• Aim of the exercise:
Apart from the images, repeat the data below exactly as written.

Recorded data:

########

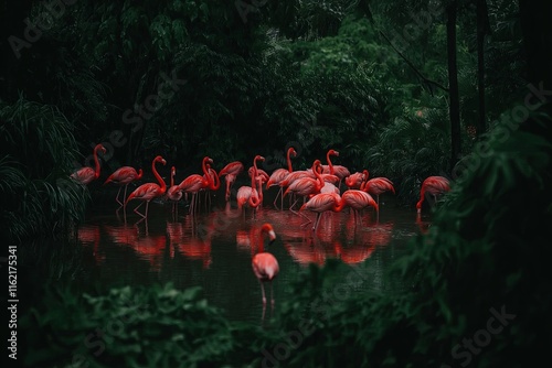 Naklejka premium A flock of flamingos wading gracefully through shallow water, their...
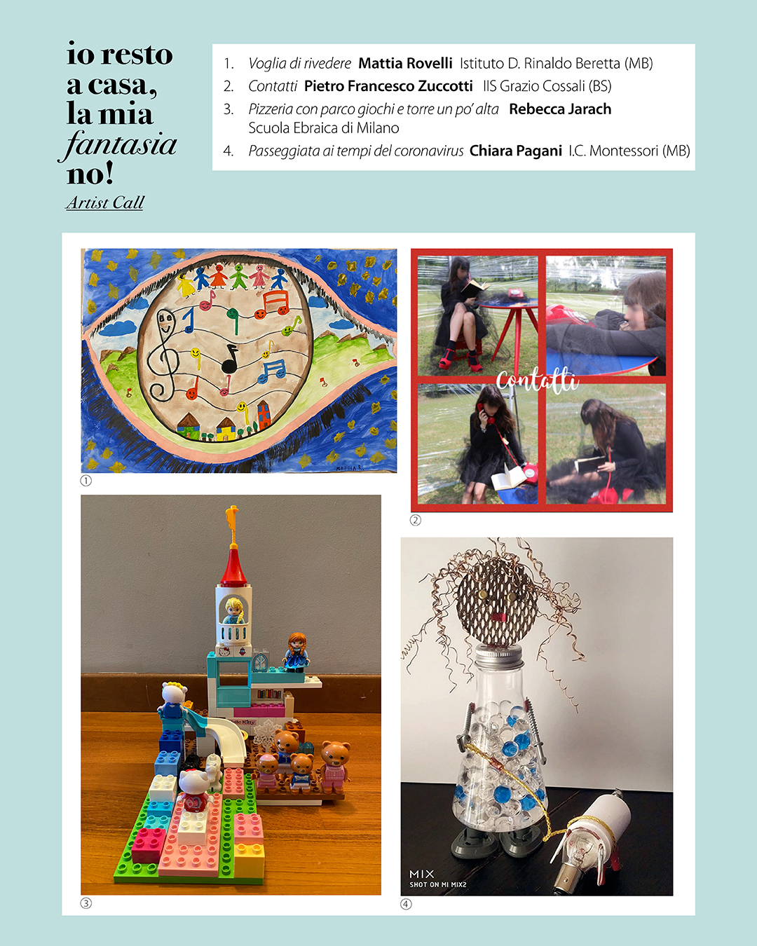 Promossa a maggio 2020 dalla Fondazione Scuola per tutti gli studenti della Lombardia, l'Artist Call “Io resto a casa, la mia fantasia no” ha dato un risultato straordinario: quello di documentare, attraverso gli occhi di una categoria sensibile come i ragazzi, la difficoltà legate alla pandemia, ma anche lanciare un messaggio di speranza.
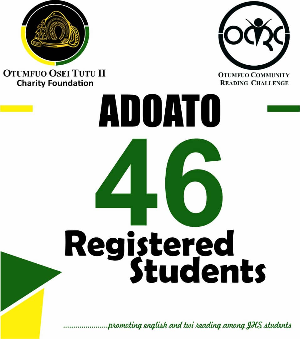 Registered students per community for Otumfuo Community Reading Challenge. Promoting English and Twi reading among JHS students.
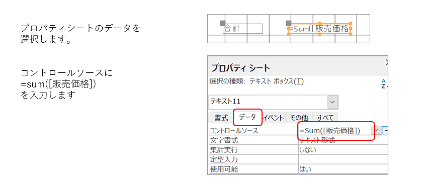 テキストボックスのプロパティシートを開き合計を計算するための関数を入力します。
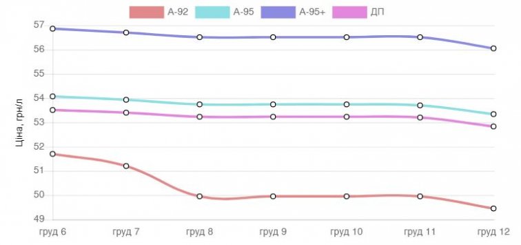 Стоимость А-95 по сравнению с 6 декабря снизилась на 81 копейку за литр. Незначительное падение стоимости и на А-95 и ГП за последние пять дней. Как свидетельствуют данные, цены на эти виды горючего снизились на 0,73 грн/л и 0,68 грн/л соответственно. Также падает цена и на А-92, с минувшего вторника стоимость снизилась на 2,25 грн/л.
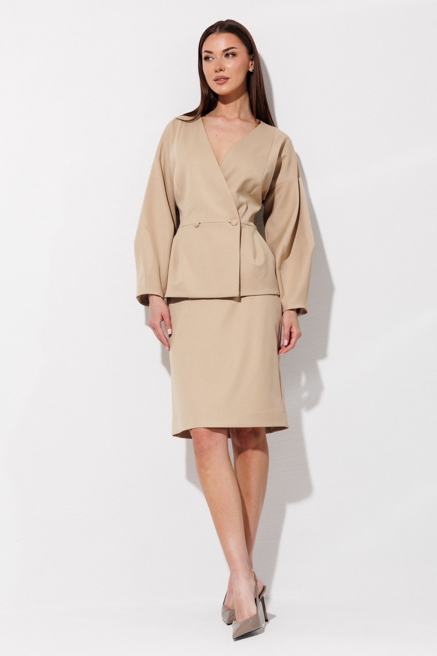 Костюм с юбкой 1115 бежевый V&N fashion очарует вас своим изящным приталенным силуэтом. Коллекция бренда V&N fashion представлена сочетанием полиэстера, вискозы и спандекса, что делает материал мягким и эластичным. Двухбортный жакет с декоративной застежкой петли-пуговицы и спущенным рукавом-фонарем добавляет стиль и класс к вашему образу. Юбка миди с потайной застежкой на молнии и разрезом сзади обеспечивает удобство и комфорт. Этот бежевый костюм идеально подходит для офиса или деловых встреч в сезоны весны и осени.
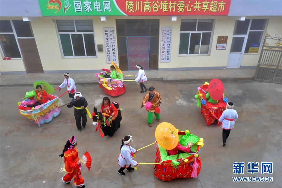 在奪火鄉(xiāng)高谷堆村,村民在排練傳統民俗節(jié)目“推小車”(10月14日攝)。 新華社記者 曹陽 攝
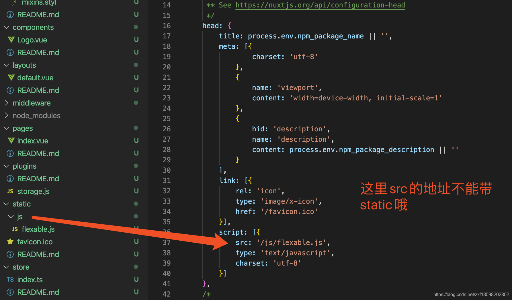 将下载好的 js 放入 static中,或者别的地方, 然后在 nuxt.config.js 的head中配置如下
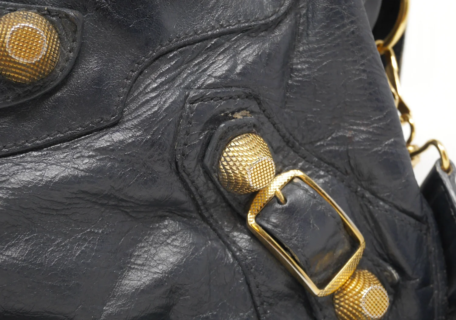Balenciaga Anthracite Leather Giant 21 Gold Motorcycle City Bag Very well made.

########

• Answer section:
 Naklejka premium A flock of flamingos wading gracefully through shallow water, their...
 Promossa a maggio 2020 dalla Fondazione Scuola per tutti gli studenti della Lombardia, l'Artist Call “Io resto a casa, la mia fantasia no” ha dato un risultato straordinario: quello di documentare, attraverso gli occhi di una categoria sensibile come i ragazzi, la difficoltà legate alla pandemia, ma anche lanciare un messaggio di speranza.
 Registered students per community for Otumfuo Community Reading Challenge. Promoting English and Twi reading among JHS students.
 テキストボックスのプロパティシートを開き合計を計算するための関数を入力します。
 Стоимость А-95 по сравнению с 6 декабря снизилась на 81 копейку за литр. Незначительное падение стоимости и на А-95 и ГП за последние пять дней. Как свидетельствуют данные, цены на эти виды горючего снизились на 0,73 грн/л и 0,68 грн/л соответственно. Также падает цена и на А-92, с минувшего вторника стоимость снизилась на 2,25 грн/л.
 Костюм с юбкой 1115 бежевый V&N fashion очарует вас своим изящным приталенным силуэтом. Коллекция бренда V&N fashion представлена сочетанием полиэстера, вискозы и спандекса, что делает материал мягким и эластичным. Двухбортный жакет с декоративной застежкой петли-пуговицы и спущенным рукавом-фонарем добавляет стиль и класс к вашему образу. Юбка миди с потайной застежкой на молнии и разрезом сзади обеспечивает удобство и комфорт. Этот бежевый костюм идеально подходит для офиса или деловых встреч в сезоны весны и осени.
 在奪火鄉(xiāng)高谷堆村,村民在排練傳統民俗節(jié)目“推小車”(10月14日攝)。 新華社記者 曹陽 攝
 将下载好的 js 放入 static中,或者别的地方, 然后在 nuxt.config.js 的head中配置如下
Balenciaga Anthracite Leather Giant 21 Gold Motorcycle City Bag Very well made.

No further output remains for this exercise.